Awkward personnel fits would have only exacerbated the issues Robinson had overseeing the scheme, though. Its nuances require a keen insight — the kind of insight Casteel refined in nearly two decades running the set.

Rodriguez learned to love the 3-3-5 while Casteel ran it at Shepherd College. By 2002, Casteel’s second season at WVU and first as defensive coordinator, the Mountaineers were installing the system. In his first year as Mountaineer DC, the defense was No. 40 in points allowed. WVU ranked 44 in 2003, but actually improved its yield by nearly one point fewer an outing. By 2005, the Mountaineers were among the nation’s top 15 defenses and peaked at No. 8 in 2007.

There was a process to fine tuning the defense, including recruiting the right personnel. Obviously patience was not a virtue in Ann Arbor, but the difference between Robinson’s poor man’s version of the 3-3-5 and Casteel’s would have almost assuredly been another year.

Michigan reached a bowl game with seven wins in Rodriguez’s final season, the bottoming out of the Wolverine defense. In its worst season under Casteel before 2010, WVU surrendered a little over 23 points per game — or, two touchdowns sans PATs fewer than the 2010 yield of UM.

The 2011 Michigan defense was far more experienced. Players like Ryan Van Bergen, Jordan Kovacs, and Kenny Demens had developed into forces.
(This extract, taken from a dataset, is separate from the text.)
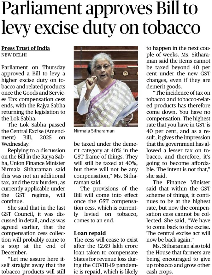 Context Parliament approved the Central Excise (Amendment) Bill, 2025 to allow the Centre to levy higher excise duty on tobacco and related products once the GST compensation cess (currently used to tax tobacco) comes to an end
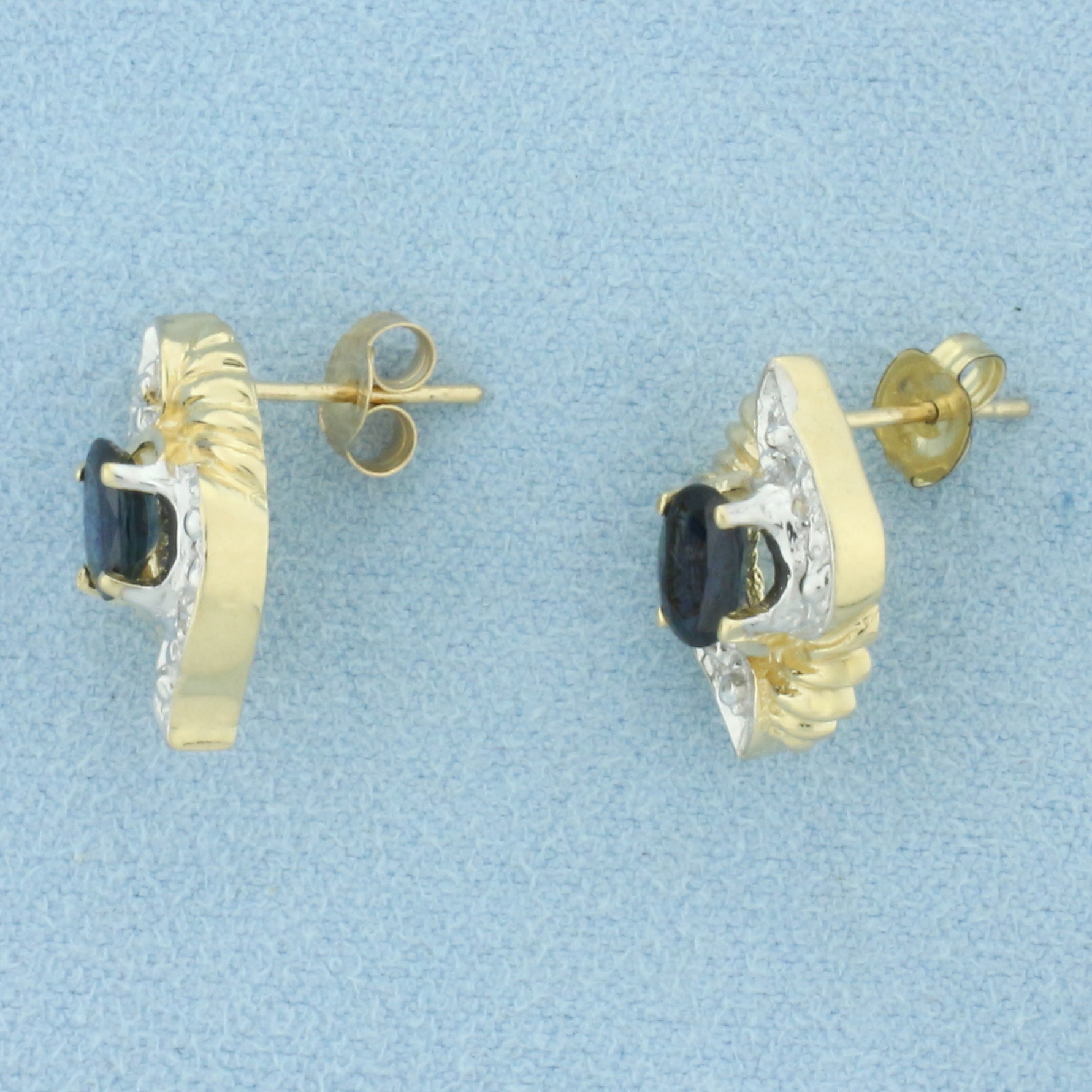 In 14k yellow gold. Contains two high quality natural 4mm by 6mm oval Sapphire gemstones, 1ct TW, with deep color and excellent clarity. Also contains four high quality 1/2pt diamonds. 5/8 inches long and 3/8 inches wide. Friction backs. 4.3g.

Again, perhaps their success is attributable to Mattison’s shift to a 4-3. However, Van Bergen could have functioned much like West Virginia standout Bruce Irvin blitzing from the three-down front of a properly run 3-3-5.

UM’s upperclassmen figuring out and thriving in the 3-3-5 in ’11 would feed into an explosive offense. The Wolverines continued to put up big points this past season, but the possibilities for Denard Robinson remaining in the option with an emergent Fitzgerald Toussaint could have amounted to more.

There were moments when Robinson looked lost in Al Borges’ hybrid offense. Borges ran a mix of the behind-center traditional sets the coach ran elsewhere and the shotgun formation that best suited Robinson. The square peg-round hole analogy that described Rodriguez’s tenure as head coach felt apropos regularly for Robinson and Borges.

With a strong defense and more developed weapons around him, Robinson could have had a Heisman candidacy campaign in an offense that accentuated his strengths.

It’s hard to discount Hoke’s first season at Michigan, and realistically the ceiling he reached might have been the pinnacle for a Rodriguez/Casteel-coached team. But tasting that cake makes one salivate.